Рано утром арестованных перевели в центральную тюрьму. Тюремщики встретили Таммемяги издевательствами:
— Ну что, обратно на казенные хлеба? Не понравилось на воле? Надолго к нам?
По желанию Таммемяги его поместили в прежней одиночной камере. Странно: будто и не было двух лет, проведенных на воле. Опять видишь эти стены, изученные до последней трещинки, до последнего бугорка, эту железную решетку перед окном, этот круглый глазок в двери... Словно во сне видишь, как тебе суют кусок хлеба и водянистую баланду. Начинаешь жевать хлеб и подносишь ко рту ложку. Не от голода, а просто по старой тюремной привычке хлебаешь эту бурдуз хоть пахнет она и неважно. Сколько воспоминаний воскресает среди этих четырех голых стен! Словно читаешь старый дневник. Ничто не изменилось, режим прежний, нравы и обычаи те же. Впрочем, пребывание в этой конуре все же воспринимается как нечто не вполне серьезное, скорее как что-то происходящее на сцене.
Таммемяги принялся стучать в стену, чтобы установить связь с соседями по камере и сообщить им, что происходит на воле. Но знал ли он сам, что там сейчас происходит? Вышло ли все так, как было задумано? Состоится ли сегодня вечером многолюдное собрание? А что, если его постараются сорвать?
Неизвестность угнетала, но Таммемяги передавал в другие камеры только радостные вести. Пусть подождут еще день-другой - и все они выйдут отсюда...
Но не прошло и половины дня, как были выпущены и Таммемяги и его товарищи. Утром член Государственной думы товарищ Нээм, опираясь на свои права и авторитет, потребовал от уходящего в отставку министра внутренних дел освобождения арестованных ночью товарищей. Сначала его и слушать не стали. Но когда Нээм заговорил более решительно и, постучав кулаком, потребовал, чтобы товарищи были освобождены через час, а то трудящиеся сами освободят их, министр заколебался и наконец уступил.
Было ясно как день, что находящаяся у власти клика больше не в состоянии удержать в руках руль управления.
Это еще более подтвердилось на вечернем собрании рабочих. Невзирая ни на какие приказы и запреты, на слонявшихся повсюду шпиков, невиданное количество рабочих со всех фабрик и заводов стекалось вечером к Рабочему гимнастическому залу, где должно было состояться собрание.

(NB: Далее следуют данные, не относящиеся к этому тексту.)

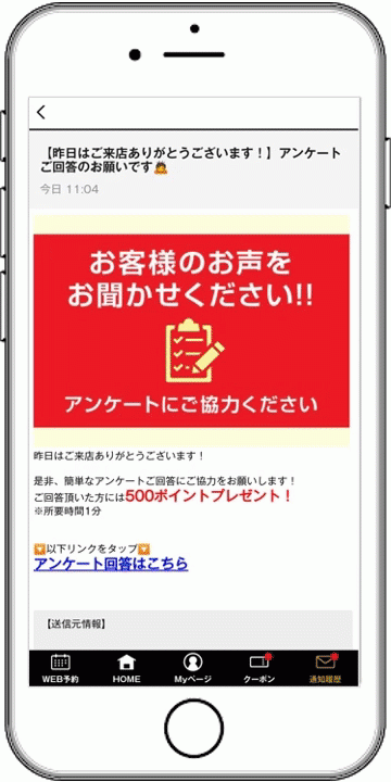 そして、飲食店は回答してくれたお客様には特典をつけてあげる。そして、スマホで手軽に回答ができるようにしてからお願いすることで、より多くのお客様の声を集めれらるようになります。
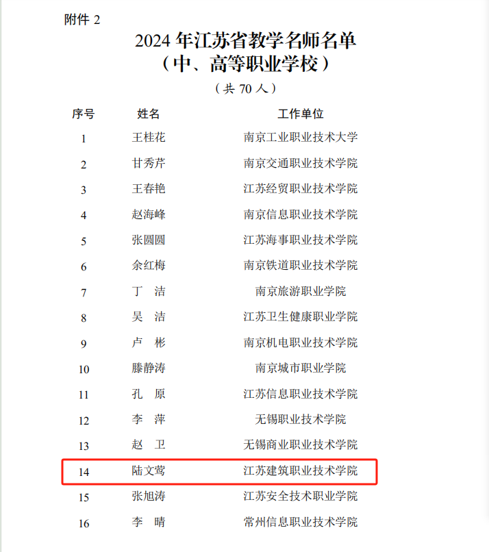 近日,江苏省教育厅公布2024年江苏省教学名师人选名单,我校建筑装饰学院教师陆文莺入选,这也是《江苏省教学名师支持计划》(苏教师〔2022〕5号)实施以来,我校教师连续三年入选。

Зал был богато украшен алыми знаменами и лозунгами. Собравшиеся почувствовали себя здесь монолитной, непобедимой, гигантской силой, которая держит в своих руках будущее. Речи, восторг, с которым их слушали, единодушие, с которым были приняты представляемые правительству требования, еще более укрепили это чувство единства.
Пауль Риухкранд, которого быстро развивающиеся события привели в столицу и который сидел на собрании рядом с Таммемяги, всей душой переживал революционный подъем народных масс, его гнев и восторг, его нарастающее, но пока еще сдерживаемое стремление к действию. Он почувствовал вдруг, будто старый строй, оставшийся за спиной, уже рухнул и он присутствует сейчас при рождении новой эпохи.
На трибуну вышел товарищ Нээм. Он говорил с большой силой убеждения и радостно, словно человек, который, преодолев все трудности, добрался наконец до вершины горы и перед ним открываются вдруг великолепные перспективы. Речь его являлась долго заглушаемым внутренним голосом самих трудящихся, голосом, вырвавшимся теперь на свободу. Становилось ясно, что наступил исторический момент, когда народ проведет в жизнь свою волю, осуществит идеалы, тлевшие под пеплом во все эти годы тяжелого гнета.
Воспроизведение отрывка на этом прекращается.